UK regulator fires warning shot on cookie compliance
Letter sent to 53 major sites
Data protection watchdog the Information Commissioner’s Office (ICO) has ordered organisations failing to comply with cookie rules to clean up their act or face enforcement action.
The ICO assessed the top 100 UK sites and found that 53 appeared to be non-compliant with the cookie rules set out in the Privacy and Electronic Communications Regulations (PECR) and the UK GDPR. It sent those organisations a warning letter, which it published at the end of last year following a FOI request by technology lawyer and founder of law firm decoded.legal, Neil Brown.
It said that consent was often not properly obtained before dropping non-essential cookies, with no easy way for users to reject them, and that some sites were ignoring cookie refusals entirely.
The regulator warned that it could take action in regard to these suspected infringements unless steps were taken to address its concerns within one month of the letter, which was dated 15th November.
The regulation of cookies and the mechanisms by which users consent to them has been a contentious issue ever since the arrival of the EU GDPR in 2018. The irritating cookie opt-out pop-ups are the result of an industry pushback against initial drafts of legislation.
In fact, the regulation clearly states that consent must be freely given, specific, informed and unambiguous. This means there must be a clear affirmative action by the user to opt-in to cookies, and that pre-ticked boxes, default settings, inactivity or silence cannot be used to imply consent.
PECR imposes additional restrictions with respect to the use of cookies and their storage on users' devices.
Nevertheless, many websites have implemented workarounds to these rules in order to continue tracking and profiling users, including "legitimate interest" grounds, which in most cases are not lawful, and deeming some cookies "essential" without explaining why.

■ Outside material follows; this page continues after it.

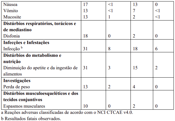 Reações adversas estão agrupadas de acordo com a sua frequência. Os grupos de frequência são definidos pela seguinte convenção: Muito comum: ≥ 1 / 10; Comum: ≥ 1 / 100 a < 1 / 10; Incomum: ≥ 1 / 1.000 a < 1 / 100; Rara: ≥ 1 / 10.000 a < 1 / 1.000; Desconhecida (não pode ser estimada a partir dos dados disponíveis).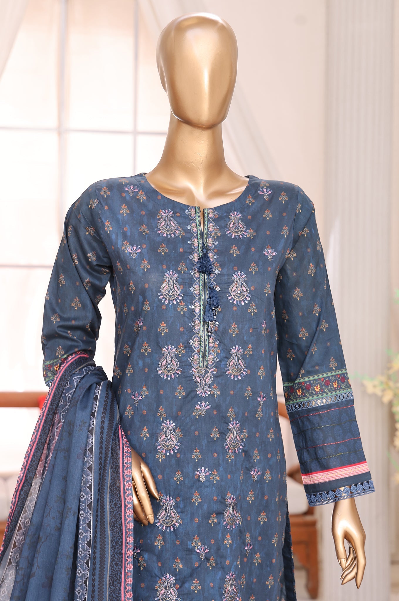 Sumi Stitched 3 Piece Emb Printed Lawn Suit-EM-01-Blue

In view of the weak enforcement of data protection and privacy legislation by regulators, this approach of giving the appearance of compliance without actually complying is perhaps understandable.
However, said Brown, the letter marks a shift in the ICO's approach and a signal that it is taking the issue more seriously, and represents a "warning shot for organisations still playing fast and loose with the UK's rules on cookies."
"It offers organisations a chance to put things right, rather than imposing immediate enforcement action, but it is the firmest action that the ICO has taken on cookies to date," he told Computing. "It will be interesting to see if enforcement follows for organisations which remain non-compliant."
The organisations identified by the ICO that fail to act face being named publicly or hit with fines.
"UK organisations might be sensible to make a New Year's resolution of ensuring that their websites are getting proper, GDPR-standard, consent for cookies which are not strictly necessary," added Brown.
In a jointly written blog post in August, officials from the ICO and UK government's Digital Markets Unit, confirmed that a website's cookie banner should ensure that declining non-essential cookies is just as easy as consenting to their use.